А вот мне довелось иметь близкое знакомство с самой настоящей колдуньей и знахаркой, которая сначала жила в нашей деревне, а потом вместе со всеми переселилась в город, где и окончила свои удивительные дни.
Звали её Феодулой, свои называли Дулей, Дусей или Филькой.

Среди нашей деревенской ребятни ходило множество страшных баек про бабку Фильку, которые были поддерживаемы взрослыми и сказками о бабе Яге. Одни рассказывали, как баба-колдунья пьёт кровь мертвецов на кладбище, а на нормальную еду не может смотреть. Другие утверждали, что лично видели, как она сношается с бесом в лесу. Если в деревне становилось кому-нибудь плохо, то в этом непременно винили бабу Филю: мол, глянула проходя мимо, вот человек здоровья и лишился.
Мужики с матом ругались на неё, когда она зачем-то останавливалась возле чужой скотины, а некоторые бабы зорко следили за тем, чтобы она ничего не нашептала на птиц, свиней и детей.
И уж если кто-нибудь из нас видел вдали эту страшную старуху (которой, впрочем, было не больше пятидесяти), то мы прятались кто куда. Сердце моё в те минуты бешено колотилось, а в голове крутилась одна мысль: лишь бы не посмотрела, лишь бы не заметила! И взгляд старухи в тот момент был страшнее шайки разбойников или пожара.
Как-то в августе, будучи восьмилетним мальчишкой, я, заигравшись с друзьями в поле, бегом возвращался домой. Солнце уже садилось, окрасив небо в малиновый цвет над самым горизонтом на западе. Я был настолько занят мыслями о том, как мне попадёт от мамки, что почти не видел ничего вокруг. Как вдруг, точно из-под земли, у меня перед глазами выросла ОНА. Во всём чёрном и в сумеречном свете фигура бабки Фильки была столь устрашающей, что я закричал и побежал с воплем по деревне, пугая жителей и собак. Самым ужасным для меня было то, что я встретился с ней ВЗГЛЯДОМ! Её чёрные глаза как будто смотрели мне в душу, и это видение не отпускало меня. Я был уверен, что теперь обречён на смерть. Несколько ночей подряд я вскакивал с криком ужаса. Мне снилось, что старуха в чёрном медленно приближается ко мне, вперившись в меня пронзительным взглядом, и протягивает руку, чтобы схватить. В других снах она просто стояла рядом с моей кроватью и смотрела на меня, злобно ухмыляясь.

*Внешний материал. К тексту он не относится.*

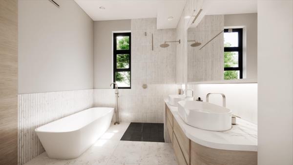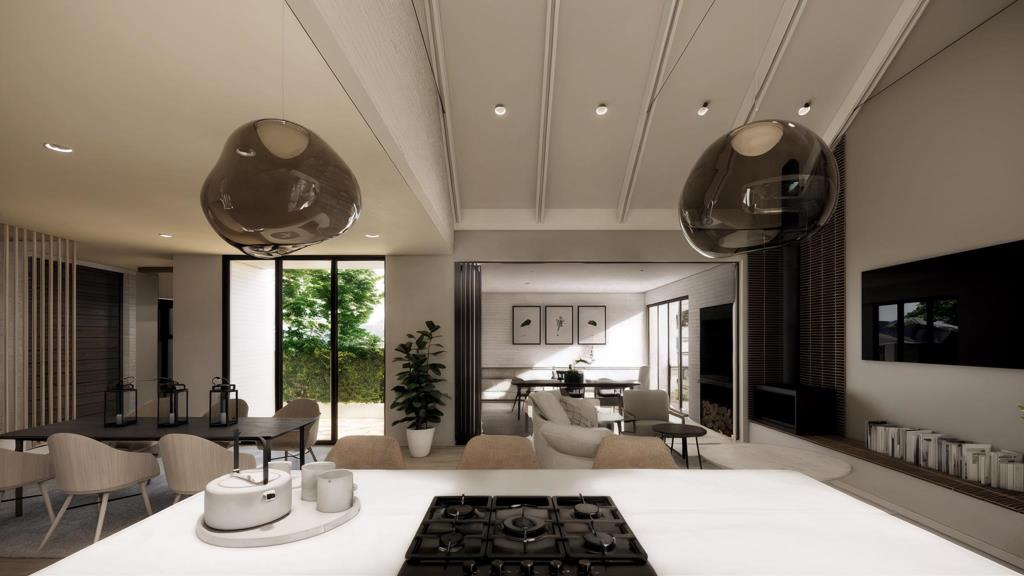 The home is thoughtfully configured for both everyday living and flexibility. Vertical privacy screens preserve views while enhancing discretion, and the double garage recesses neatly into the faade for a clean architectural finish. A ground-floor bedroom offers convenience for guests or multigenerational living, while tranquil upper-level bedroom suites with deep window reveals soften the sunlight and create calm, restful retreats.

Я ждал каких-нибудь ужасных событий, но дни шли за днями, и ничего особенного не происходило. Лишь сдохла наша старая кляча, которая, впрочем, прожила столь долгую жизнь, что винить в её смерти кого-либо было даже как-то совестно. Постепенно страшные сны прекратились, и взгляд старухи перестал меня преследовать.

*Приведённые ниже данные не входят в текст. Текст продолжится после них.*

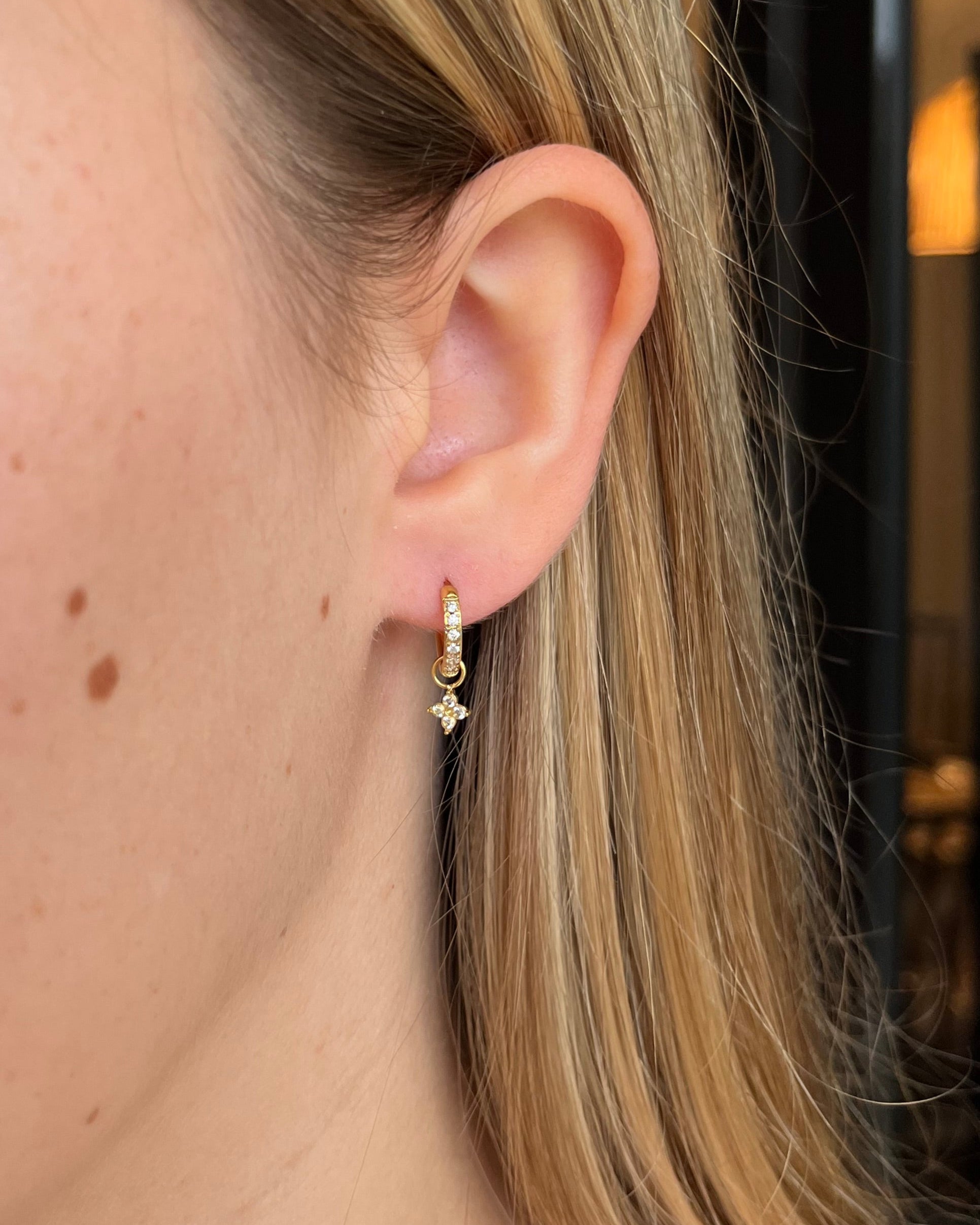 Apportez une touche de délicatesse à vos looks avec ces mini créoles dorées de 11 mm, ornées d’oxydes de zirconium étincelants et d’un trèfle en cristal raffiné. Leur design discret et élégant en fait un bijou parfait pour le quotidien comme pour vos tenues plus habillées. Un porte-bonheur chic à garder toujours près de vous.

Когда мне исполнилось десять лет, бабушка моя слегла с аппендицитом. У неё резко подскочила температура, жуткие боли в животе заставляли её непрерывно стонать. Поехали за районным врачом, а его не оказалось на месте. Решили было везти бабушку в районную больницу на свой страх и риск, но Нина Петровна решила по-другому. Она подозвала меня и тихонько сказала: «Видимо, мой последний час пришёл. До больницы я не доеду. Уж лучше здесь, в постели. Сбегай-ка, внучок, к бабке Дусе, приведи её ко мне. Должна я ей, да и попрощаться хочу». Если сначала мои глаза щипало от просившихся слёз, то от слов о страшной ведьме моё сердце сжалось от ужаса: я должен был не только столкнуться с ней лицом к лицу, да ещё и привести в наш дом. А ведь всякому известно, что, если приведёшь колдуна или колдунью в дом, то счастье навсегда его покинет.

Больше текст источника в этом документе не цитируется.